- **Record set**:
►

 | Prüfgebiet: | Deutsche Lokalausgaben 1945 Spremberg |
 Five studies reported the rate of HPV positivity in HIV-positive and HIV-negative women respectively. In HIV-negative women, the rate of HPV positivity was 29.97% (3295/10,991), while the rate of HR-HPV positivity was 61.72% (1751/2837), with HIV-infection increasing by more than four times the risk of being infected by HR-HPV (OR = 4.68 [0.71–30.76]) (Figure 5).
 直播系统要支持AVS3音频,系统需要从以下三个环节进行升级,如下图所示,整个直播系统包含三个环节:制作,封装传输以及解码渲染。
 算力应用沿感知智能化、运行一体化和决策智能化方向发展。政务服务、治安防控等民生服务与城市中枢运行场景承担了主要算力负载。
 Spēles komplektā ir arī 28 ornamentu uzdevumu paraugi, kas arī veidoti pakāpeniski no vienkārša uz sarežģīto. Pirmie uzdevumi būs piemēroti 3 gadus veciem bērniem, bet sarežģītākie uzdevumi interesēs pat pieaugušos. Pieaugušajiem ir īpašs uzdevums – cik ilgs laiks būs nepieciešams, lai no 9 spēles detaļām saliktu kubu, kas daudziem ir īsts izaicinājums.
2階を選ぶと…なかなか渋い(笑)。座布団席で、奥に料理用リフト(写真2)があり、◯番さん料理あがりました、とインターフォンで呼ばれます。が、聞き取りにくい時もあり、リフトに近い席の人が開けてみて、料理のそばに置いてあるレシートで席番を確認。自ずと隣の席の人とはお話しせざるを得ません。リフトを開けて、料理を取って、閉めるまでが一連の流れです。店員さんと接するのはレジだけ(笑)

◄
►

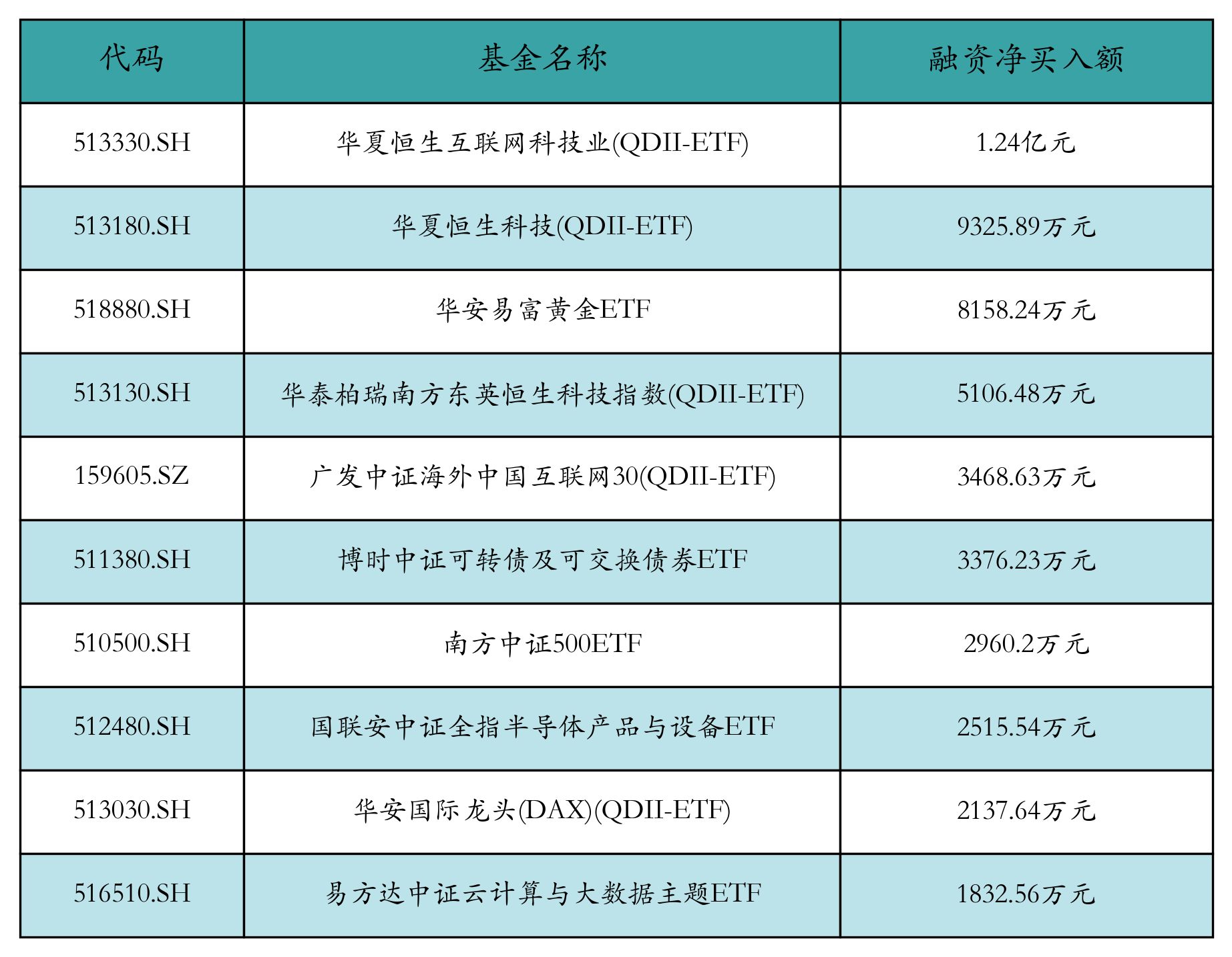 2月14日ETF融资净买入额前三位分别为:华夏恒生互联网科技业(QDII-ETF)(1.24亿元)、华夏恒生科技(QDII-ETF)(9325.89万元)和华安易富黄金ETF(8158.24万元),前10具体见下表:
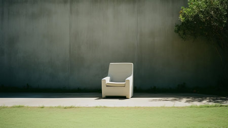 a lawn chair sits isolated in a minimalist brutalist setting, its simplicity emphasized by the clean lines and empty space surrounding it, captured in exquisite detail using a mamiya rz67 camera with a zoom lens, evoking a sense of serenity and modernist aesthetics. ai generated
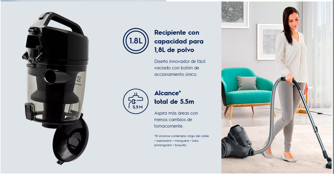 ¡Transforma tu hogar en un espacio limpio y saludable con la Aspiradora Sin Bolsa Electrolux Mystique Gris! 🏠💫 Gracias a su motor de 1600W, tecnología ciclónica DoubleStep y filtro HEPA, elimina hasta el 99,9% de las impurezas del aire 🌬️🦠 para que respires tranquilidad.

◄

- **Task to carry out**: Copy nothing but the lines above from the one with "a lawn chair" to the one with "que respires tranquilidad.", inclusive, word for word. Leave every picture out.

- **Result for this exercise**:
 a lawn chair sits isolated in a minimalist brutalist setting, its simplicity emphasized by the clean lines and empty space surrounding it, captured in exquisite detail using a mamiya rz67 camera with a zoom lens, evoking a sense of serenity and modernist aesthetics. ai generated
 ¡Transforma tu hogar en un espacio limpio y saludable con la Aspiradora Sin Bolsa Electrolux Mystique Gris! 🏠💫 Gracias a su motor de 1600W, tecnología ciclónica DoubleStep y filtro HEPA, elimina hasta el 99,9% de las impurezas del aire 🌬️🦠 para que respires tranquilidad.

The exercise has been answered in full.